Only [those who respond that they are "very likely"to get a genetic test for disease risk "in the next few years"] will get the test [...] So, I remain certain, the market for these tests is 5%Right now, public awareness of direct-to-consumer genetic testing is pretty minimal. That's changing fast, though: anyone tracking Google news alerts will have seen the recent spikes in mainstream media coverage of the genetic testing industry, particularly 23andMe. As people hear more and more about genetic testing it will cease being scary and new, and (like IVF or screening for Down syndrome) become familiar and legitimised.
Meanwhile, over the next five years two things will happen: (1) the massive decrease in the cost of sequencing will bring large-scale genetic analysis within the grasp of the average upper middle-class consumer; and (2) our understanding of the genetics of common disease will increase exponentially, rapidly increasing the clinical (and recreational) value of genome sequence data. Thus the cost-to-benefit ratio of personal genomics will shrink incredibly quickly,even as frequent media coverage creates wider familiarity with the concepts and jargon of genetic testing, and simultaneously a host of influential early adopters publicly discusses their genetic testing experiences.

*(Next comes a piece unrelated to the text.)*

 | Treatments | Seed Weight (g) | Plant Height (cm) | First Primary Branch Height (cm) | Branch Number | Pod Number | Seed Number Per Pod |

Basically, the medical and social benefits of having your genome sequenced will make this option steadily more attractive while declining costs will make it steadily more affordable. That's a recipe for a market explosion.
So, let's grant Steve's argument that the true size of the market right now is 5% of "upscale business professionals". That's going to be a pretty damn healthy market once Oprah starts talking about how 23andMe changed her life and the guy two cubicles down from you is bragging about his new genome sequence.

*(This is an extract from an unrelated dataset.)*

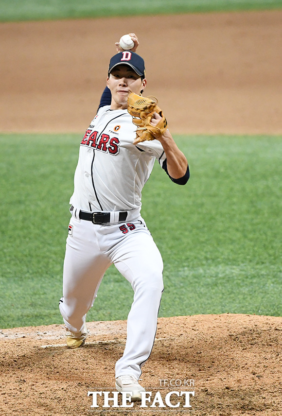 [더팩트ㅣ배정한 기자] '2020 신한은행 SOL KBO리그' 포스트시즌 두산 베어스와 NC 다이노스의 한국시리즈 3차전 경기가 20일 오후 서울 구로구 고척스카이돔에서 열렸다. 9회초 두산 이승진이 역투를 하고 있다.

Steve isn't getting this, though, I suspect because he keeps seeing it through his clinician prism. For instance, he claims:
It is just like a referral to see another doctor.....if you aren't feeling ill, only the very likely will ever go see that specialist.....It is called the attrition rate and is commonly understood in medical care......only 20% of your "presymptomatic ill" ever go see the referral.That's because standard medical testing is so incredibly boring. Genome scans and sequences, on the other hand, are cool. They're based on fancy new technology; you've read about them in Wired; and they tell you interesting things about yourself. People will want to take these tests.
And, if the medical establishment gets its act together and starts proving that clinicians can actually value-add to genetic health data (rather than pissing potential clients off with regressive regulations), people will want to take their test results to their doctor to put them in a broader health context. That's win-win - but only if doctors do things the right way.
2 comments:
Daniel,
Excellent post. I completely Agree, other than that I don't get it.....Trust me, I get it Daniel. I wouldn't be in this business if I didn't, I would have gone into Plastic Surgery (jk) ;) On my blog the majority believes that Oprah will lead the PR push.....Or Al Gore....I am not quite sure yet.
-Steve
www.thegenesherpa.blogspot.com
The kind of "Coffee-table" genomics, that purported readers of wired would potentially be interested in, are an irrelevancey, and should not distract from the quest to develop medical regulation for the potential large-scale deployment of these technologies.